The brightly colored gill plates of the pumpkinseed sunfish also serve as a method of protection and dominance. Also known as an eye spot, the dark patch at the posterior of the gill plate provides the illusion that the eye of the fish is larger and positioned further back on the body, thus making the fish seem up to four times larger than it actually is. When a pumpkinseed feels threatened by a predator, it flares its gills to make it seem larger in size, and shows off the flashy red coloration. Males of the species also flare their gills in the spring spawning season in a show of dominance and territoriality.

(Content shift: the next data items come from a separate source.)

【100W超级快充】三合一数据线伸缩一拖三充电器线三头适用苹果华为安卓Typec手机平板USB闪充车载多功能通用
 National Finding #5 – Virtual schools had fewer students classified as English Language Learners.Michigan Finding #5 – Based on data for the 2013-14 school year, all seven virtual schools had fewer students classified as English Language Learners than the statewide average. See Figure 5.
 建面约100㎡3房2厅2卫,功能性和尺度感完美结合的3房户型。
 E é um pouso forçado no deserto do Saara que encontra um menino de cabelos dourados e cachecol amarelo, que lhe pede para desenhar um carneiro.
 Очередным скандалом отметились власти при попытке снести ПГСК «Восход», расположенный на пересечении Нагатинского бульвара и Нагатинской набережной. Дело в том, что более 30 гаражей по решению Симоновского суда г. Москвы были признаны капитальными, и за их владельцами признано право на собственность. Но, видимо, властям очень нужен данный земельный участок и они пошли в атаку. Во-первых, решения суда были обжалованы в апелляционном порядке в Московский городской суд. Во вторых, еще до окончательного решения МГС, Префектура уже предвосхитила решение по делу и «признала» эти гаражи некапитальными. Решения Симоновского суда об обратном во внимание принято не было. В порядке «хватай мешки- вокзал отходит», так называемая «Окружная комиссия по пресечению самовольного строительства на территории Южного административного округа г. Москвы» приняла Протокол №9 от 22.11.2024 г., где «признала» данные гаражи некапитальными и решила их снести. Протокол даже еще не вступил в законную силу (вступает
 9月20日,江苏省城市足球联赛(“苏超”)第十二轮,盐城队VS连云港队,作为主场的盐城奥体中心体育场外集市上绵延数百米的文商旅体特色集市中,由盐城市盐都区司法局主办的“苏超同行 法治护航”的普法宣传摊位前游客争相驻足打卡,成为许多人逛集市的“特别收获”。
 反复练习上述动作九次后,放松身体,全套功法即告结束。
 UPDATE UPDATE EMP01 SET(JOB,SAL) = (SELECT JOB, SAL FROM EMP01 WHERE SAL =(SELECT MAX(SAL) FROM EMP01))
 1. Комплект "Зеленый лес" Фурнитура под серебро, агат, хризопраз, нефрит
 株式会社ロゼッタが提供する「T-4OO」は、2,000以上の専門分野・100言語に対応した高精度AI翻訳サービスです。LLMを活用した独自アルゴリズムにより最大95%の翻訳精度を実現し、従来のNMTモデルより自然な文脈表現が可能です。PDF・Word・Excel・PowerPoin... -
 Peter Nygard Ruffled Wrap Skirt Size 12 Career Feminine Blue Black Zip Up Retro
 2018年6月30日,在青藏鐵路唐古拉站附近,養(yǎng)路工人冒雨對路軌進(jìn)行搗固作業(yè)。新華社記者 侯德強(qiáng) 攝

In the southernmost regions of its distribution, the pumpkinseed has developed a larger mouth opening and abnormally large jaw muscles to aid in feeding; its forage is small crustaceans and mollusks. The larger bite radius and enhanced jaw muscles allow the pumpkinseed to crack the shells of their prey to attain the soft flesh within, thus providing one common name of 'shellcracker'.

==Conservation status==
The pumpkinseed sunfish is very common and is not listed by CITES. It is considered Least Concern (not threatened) by the IUCN. Spawning grounds of the pumpkinseeds can be disturbed by shoreline development and shoreline erosion from heavy lake use. Their susceptibility to silt and pollution makes the pumpkinseed a good indicator of the cleanliness and health of water.

==Recreational fishing==
The pumpkinseed is a very popular panfish with young anglers due to their typical abundance, willingness to bite baits, and their close locations to the shore. Many fishermen consider the pumpkinseed to be a nuisance fish, as it bites so easily and frequently that it disrupts fishermen who are actually attempting to catch something else. Although many people consider the meat of a pumpkinseed to be good-tasting, and they are low in fat and high in protein, it is typically not a popular game fish due to the small size.

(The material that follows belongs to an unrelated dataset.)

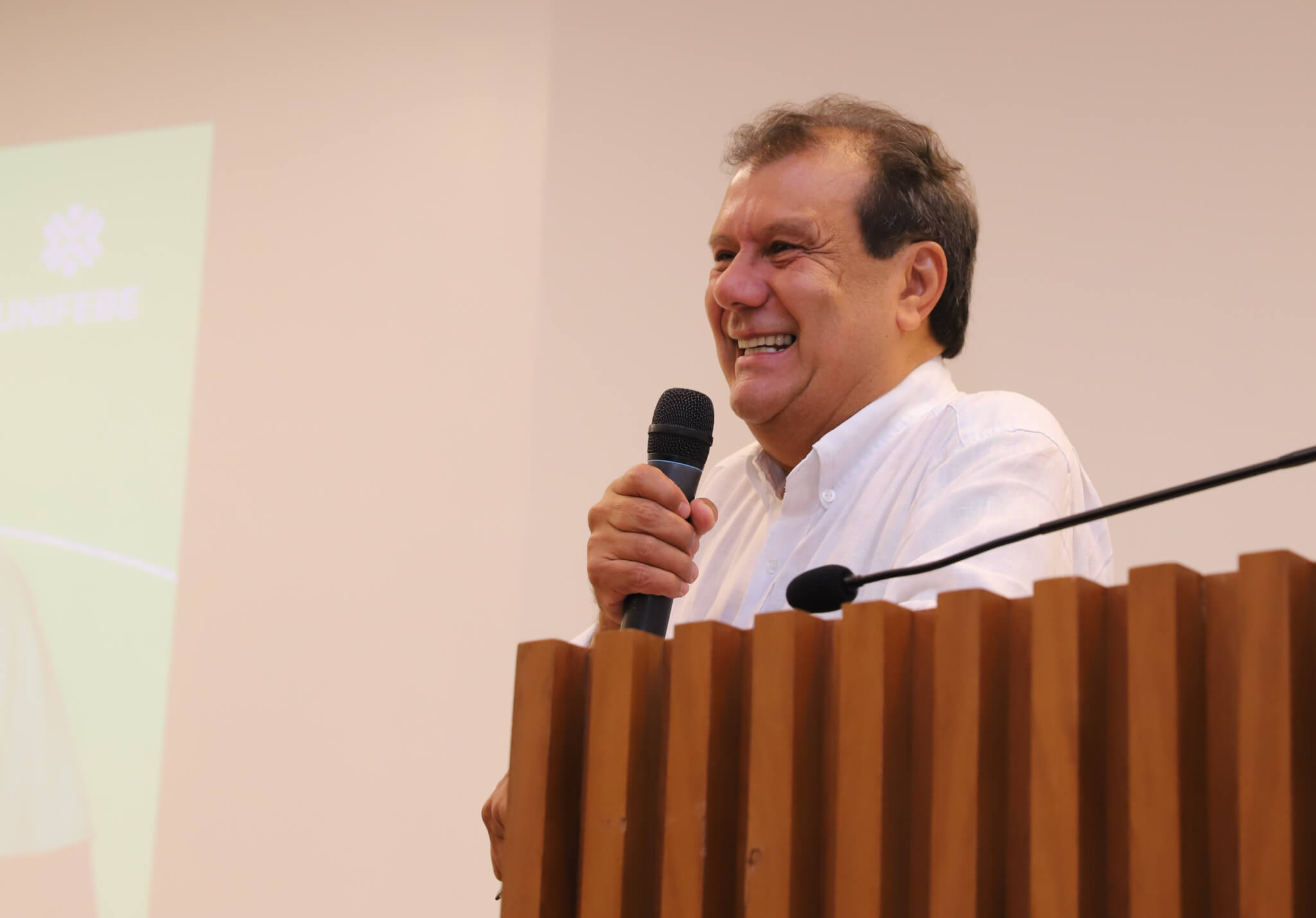 O propósito do ofício médico e a descoberta da vocação para a medicina foram temas da fala do professor Dr. Osvaldo Quirino de Souza. Para o coordenador do curso, humildade, respeito e gosto pelo ser humano são condições básicas para que um estudante conclua a formação como um bom médico.

Because pumpkinseeds tend to remain in the shallows and feed all day, they are relatively easy to catch via bank fishing. They will bite at most baits including garden worms, insects, leeches, pieces of fish meat or even crumbs of bread, and will also take small lures and can be fished for with a fly fishing rod with wet or dry flies. They will also hit at grubs early in the winter, but are less active from mid- to late winter. Although mostly popular with younger anglers, pumpkinseeds are often sought by adults as well, as the fish do put up an impressively vigorous fight when hooked.

The IGFA world record for the species stands at 1 lb 8 oz, caught caught by Robert Warne near Honeoye, New York, in 2016.